We're biased on this one, but Open Contracts offers a smooth, modern tool to collaboratively label contracts for machine learning applications. Unlike every other free or open source tool (that we know of) that converts your contract to text first and provides a text labeling experience that relies on plain, unformatted text, Open Contracts was built from the ground up to work with PDFs. Because of this decision, we hope it will be well-received by even non-technical users who can browse and search a contract PDF just as they would normally. The goal is for no technical knowledge to be required by end users.
Why use Open Contracts? It not only lets you label contracts and store your labelled data in an open source format, it also lets you share your label sets and create new data sets from existing ones. Why constantly re-invent the wheel? Create a base dataset or use an open source one (like the Atticus Project's), and then instantly fork it to build a bespoke dataset for a specific application. Open Contracts puts you in control of what's most valuable - your legal data.

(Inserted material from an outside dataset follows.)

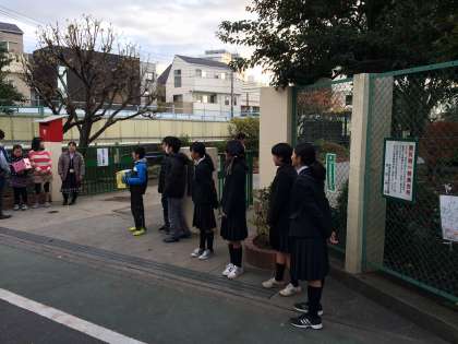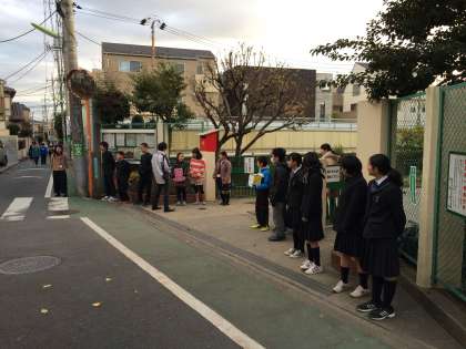 9日、10日の若林小学校に続き、本日12日は「世田谷杜の学び舎」の城山小学校正門にて児童会と生徒会の役員会合同のユニセフ募金活動を行いました。

You can easily export annotated or un-annotated documents. You can also export entire data sets, which can be shared and loaded into other instances of Open Contracts.
Unlike other text labeling tools (that we know of), Open Contracts is designed to let you view and label native PDFs in a high-quality PDF viewer (Mozilla's Excellent PDF.js). Non-technical users will have no problem using this tool.
Open Contracts makes it easy to create multiple different collections of labelled documents from the same source material. Easily "fork" an existing data set and create a customized version using your existing data as a base. This is a great way to leverage public data sets like the Atticus Project to create your own bespoke, custom training data.
Open Contracts is built on Node.js and React. Its MIT-licensed front-end is smooth and easy to navigate for non-technical users. You can do plain text searches or search and filter by document label type or labelled text (e.g. quickly find all text labelled as "Indemnification Clause" in your data sets).